Ru-meet

Ru-meet
Arti keluarga


__ADS_3

Bukan saja cantik dan menarik dengan bentuk kecil dimana setiap kelopak datar memanjang berpusat dan mengelilingi putik. Bunga aster adalah satu satunya kelompok bunga yang akan menguncupkan kelopaknya saat petang. kemudian menjadi yang pertama menatap matahari pagi, dengan kembali membukakan kelopaknya.


Jika berbicara bunga, banyak orang mengunakan bunga dalam mewakili perasaan mereka. Bunga aster atau bunga daisy sendiri melambangkan kemurnian, kesetiaan, kesabaran, juga kesederhanaan. Bunga aster putih klasik juga selalu dikaitkan dengan kerendahan hati.


Bukan hanya itu, bentuknya yang kecil dan kelopaknya yang datar juga lebih disukai lebah untuk penyerbukan. Begitu uniknya bunga aster.


Memasuki ruang pertemuan, jika melihat dekorasi yang ada dimana bernuansa putih dan berhias ribuan bunga aster dengan berbagai warna. Pasti akan menyangka jika Siskalah yang memiliki ide ini.

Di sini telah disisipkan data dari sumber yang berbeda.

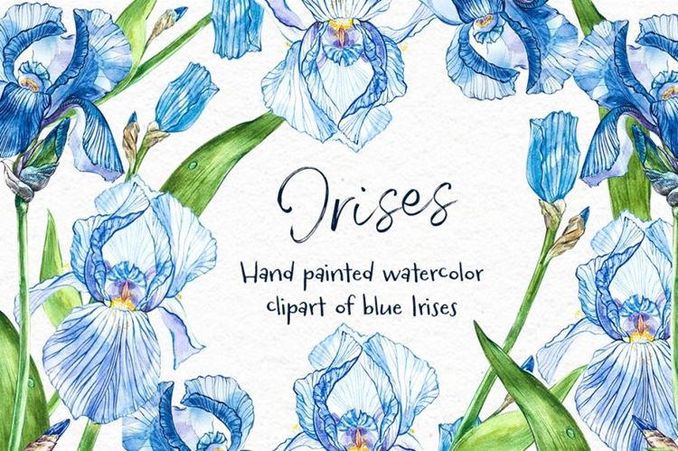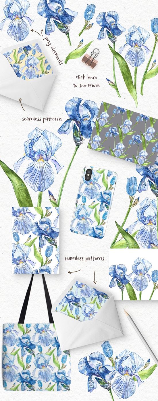 图穷联素材库 » 水彩手绘鸢尾花植物插画素材 Iris watercolor
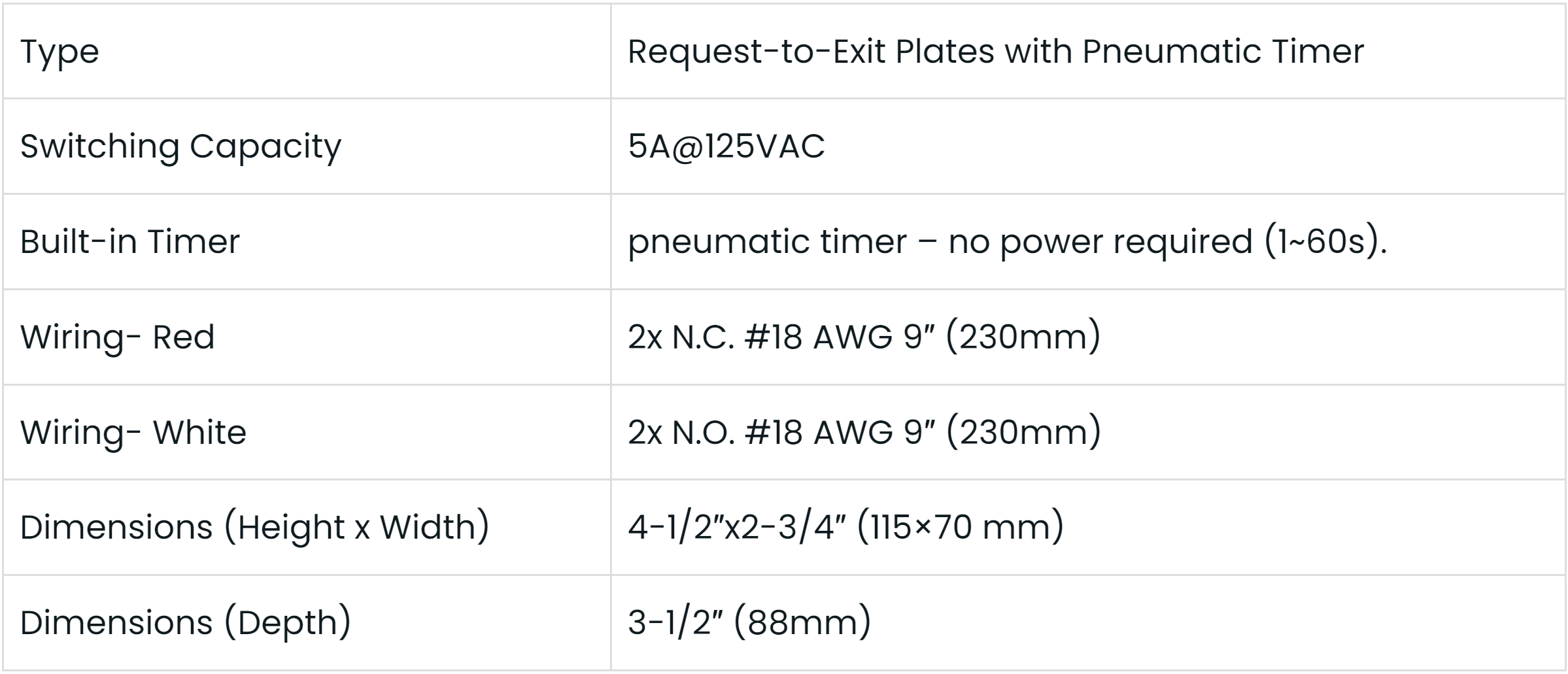 The Enforcer Request-to-Exit Plates with Pneumatic Timer are ideal when providing power to a timer is inconvenient, hazardous, or not conforming with local ordinances and codes. Adjusting the time is easy via a timing screw and can be performed on the spot without tools.
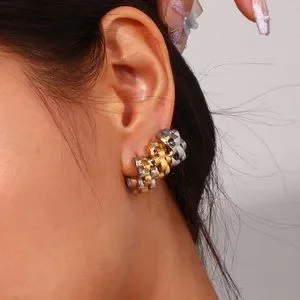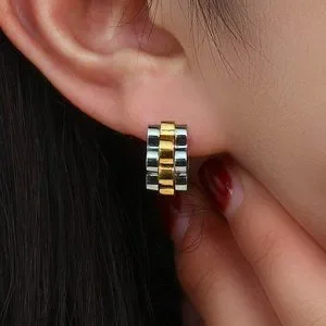 Beautiful Two-Tone 18K Gold and White Gold Plated Vintage Chunky Watchband Hoop Earrings.
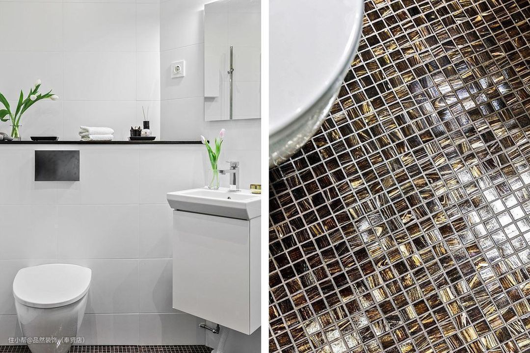 3平米的卫生间内以白色墙面为主,地面铺贴了褐色马赛克地砖,体现出精致轻奢质感,洗漱柜、马桶假墙收纳组合满足洗漱、洗浴用品等置放,保持卫浴空间整洁有序。 看完这样超美的小公寓装修设计,难怪邻居们羡慕呢!

Padahal Siska sama sekali tidak mengetahui persiapan dan konsep acara ini. mendaftarpun meminta bantuan Dimas.


Pesera satu persatu memasuki ruang pertemuan, menempati tempat duduk sesuai nama masing masing. Berbaur menjadi satu yang lebih senior dan junior, yang lebih dulu meninggalkan maupun yang bertahan hingga sekarang. Dan tentu yang sudah berkeluarga ataupun lajang


"Wauuuu..... bagus banget tante indah," Kata Lisa yang memilih mengandeng tangan Indah. Dari awal perjumpaan mereka, saat indah menghampiri kamar Siska untuk bersama sama ke ruang pertemuan. Rasanya sudah terbangun kemistri diantara keduanya.


Jika dilihat sekilas keduanya memiliki kemiripan. warna kulit, garis muka, gaya berpakaian dan bentuk kuku tangan yang tidak bisa panjang karena sering digigit.


Sementara Lili dan Didi yang seumuran terus bergandengan tangan sedari tadi. Berjalan didepan Dimas dan Nita. Dan tentu tersisa Siska dan Yudha yang berada dibarisan paling belakang.


"Mbak Siska apakabar?"


"Hay Aa Ali, kumaha damang???


"Alhamdulillah baik mbak, ini?? tanya ali menatap ke arah Yudha.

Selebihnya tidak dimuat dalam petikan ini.